At a moment when the world faces overwhelming security challenges – such as from China – currently developing new deadly pathogens for biowarfare and autonomous robots programmed to kill -- and authoritarian regimes that continue to threaten both their own populations and what they regard as their enemies -- denial and blindness carry serious risks.
If political discourse becomes so polarized that people can no longer recognize the nature of regimes that repress their own citizens and openly threaten the United States and the Free World, the problem is far larger than any single president. It becomes a crisis that can only be addressed when people step outside their partisan bubbles and confront reality as it truly is.
Iran's leaders have for decades chanted "Death to America" ("The Great Satan") and "Death to Israel" ("The Little Satan"), slogans that are not merely rhetorical flourishes but actual central elements of the regime's ideological identity. Yet, when Trump confronts this very regime, the focus shifts away from the Iranian regime's actions and instead centers entirely on condemning Trump himself. The atrocities committed by the regime fade into the background. Pictured: Iran's then Supreme Guide Ali Khamenei gives a speech on November 1, 2023, televised on Iran's Channel 1. (Image source: MEMRI)

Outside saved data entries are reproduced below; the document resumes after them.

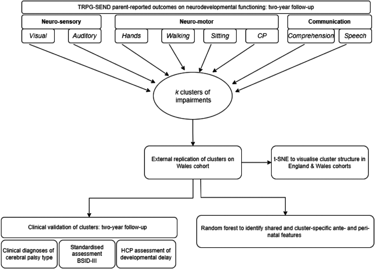 Findings: Four homogeneous clusters were derived (silhouette score = 0.71) and replicated in Wales with high balanced accuracy (93%): (1) typically developing (84.8%), (2) communication impairments (8.4%), (3) neuro-motor impairments (4.1%), and (4) multiple neuro-morbidity (2.7%). Clusters had high clinical validity and were distinguishable by shared and cluster-specific predictors. Neonatal brain injuries were most predictive of neuro-motor and multiple neuro-morbidity clusters. Birthweight, gestational age, socio-economic deprivation, and sex were stronger predictors of the communication cluster than preterm co-morbidities.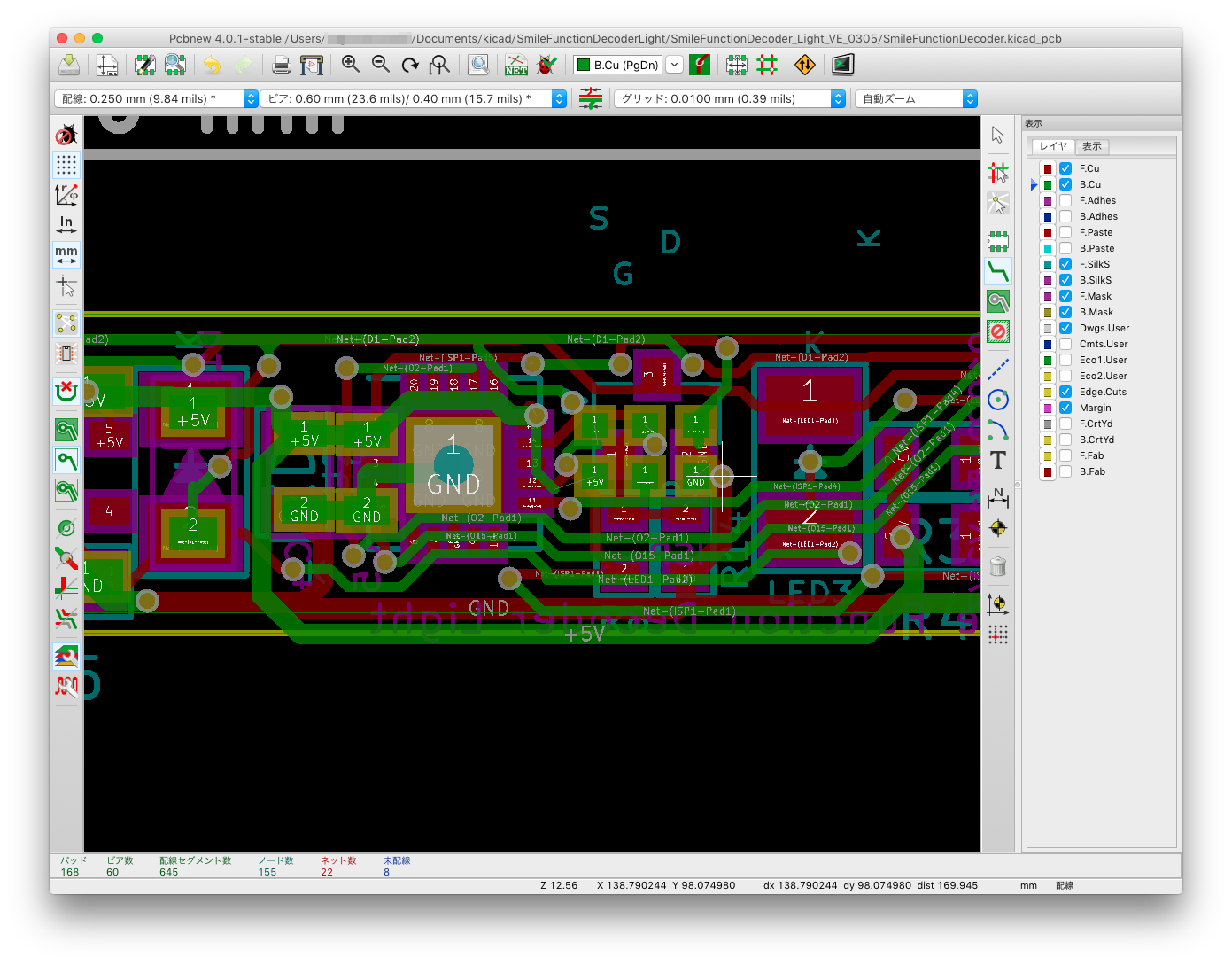 押しのけ配線機能の影響で、基板外形から+5Vラインがはみ出していますw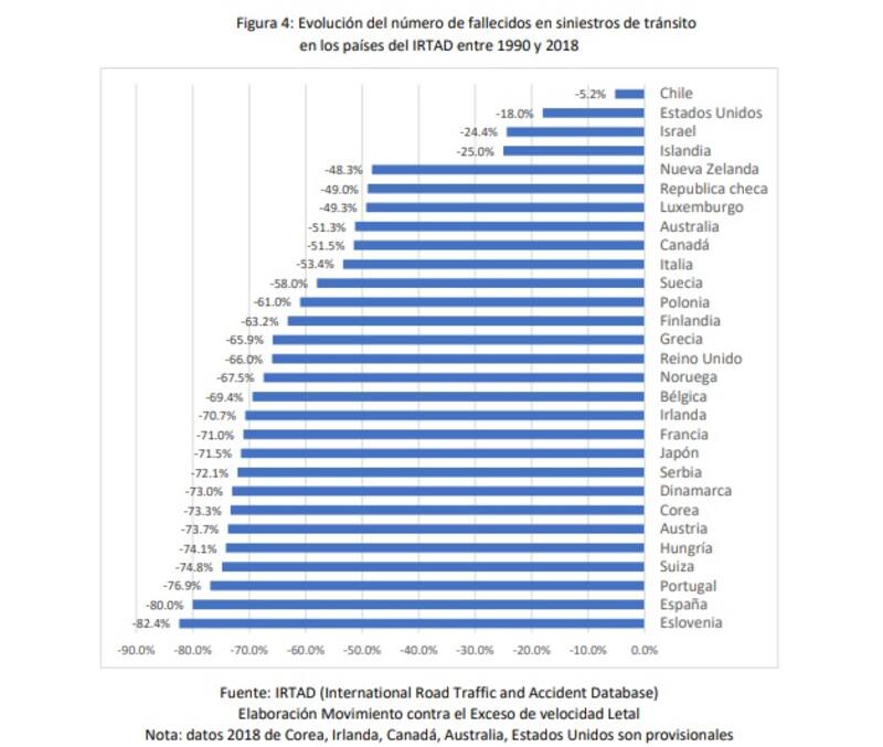 Ahora, si se compara país país, los índices de Chile son más preocupantes. Según el estudio, tomado con datos disponibles en el IRTAD (International Road Traffic and Accident Database), en el listado evaluado que se muestra a continuación, Chile es el que menos ha reducido el número de fallecidos en siniestros de tránsito entre 1990 y 2018. “La mayoría de los países de este grupo tienen una reducción de más del 50%, cuando durante el mismo periodo en Chile la reducción fue solamente del 5,2%”, dice el escrito.
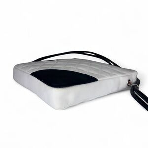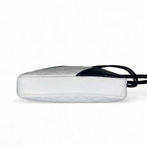 Elevate your style with this iconic CHANEL Cambon Line Shoulder Bag, a chic and timeless accessory crafted from luxurious white quilted calfskin leather accented with striking black leather details. This standout piece from CHANEL’s coveted Cambon collection features the brand’s signature oversized black CC logo appliqué and a contrasting black rolled leather shoulder strap for a bold, graphic look.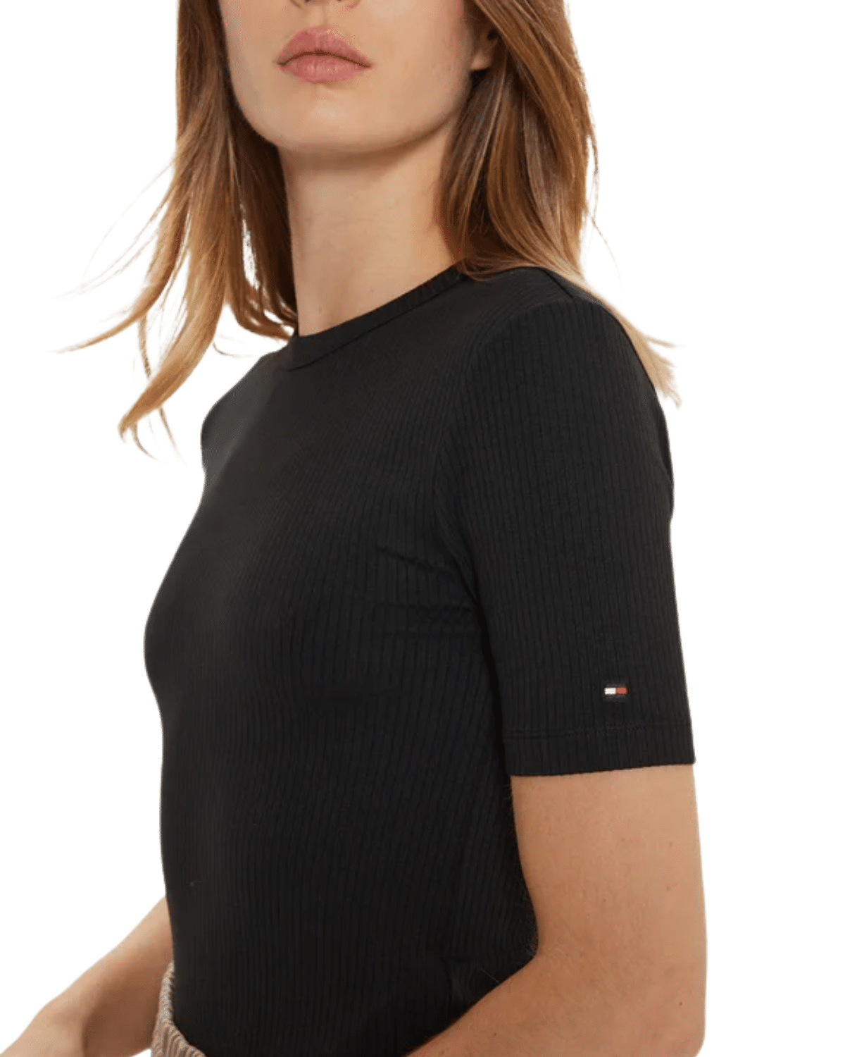 חולצה קצרה לנשים בצבע שחור בעיצוב קלאסי ונקי מבית טומי הילפינגר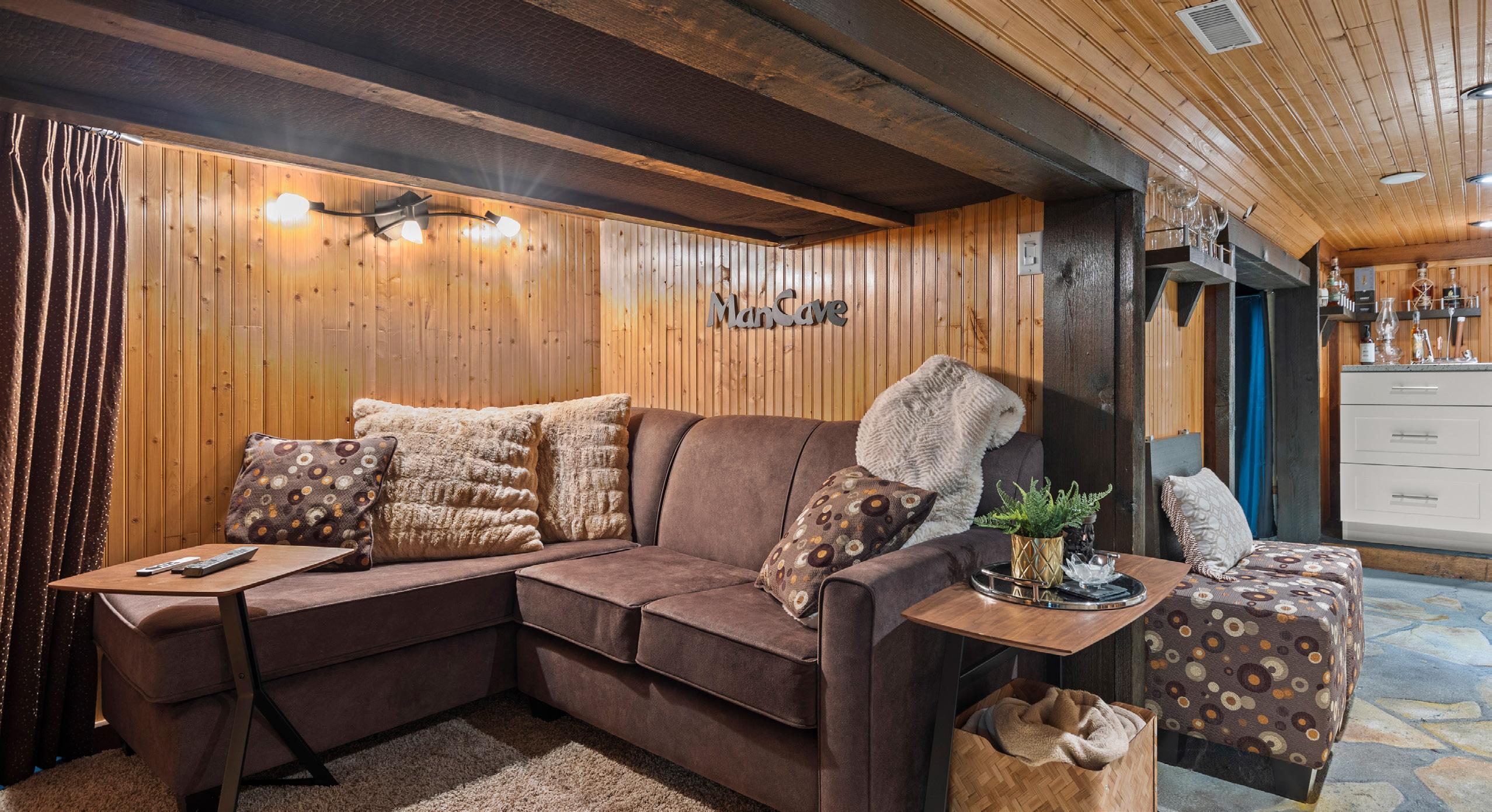 • Insulated/AC-cooled wine cellar and sitting area with rock-path theming

If one steps back from the daily noise of partisan bickering and looks at the broader picture in the United States today, some media outlets and political figures appear so consumed by hostility toward the current president that they seem incapable of evaluating events rationally. Their reaction to almost anything he does appears automatic and reflexive. This situation, often described as "Trump Derangement Syndrome," has reached such an extreme level that at times these voices appear to be siding — whether intentionally or not — with America's enemies such as the Chinese Communist Party, or the Iranian regime, which, since its inception in 1979, has openly been at war with the United States and for decades has been described by American officials across both political parties as the world's leading state sponsor of terrorism 39 years in a row.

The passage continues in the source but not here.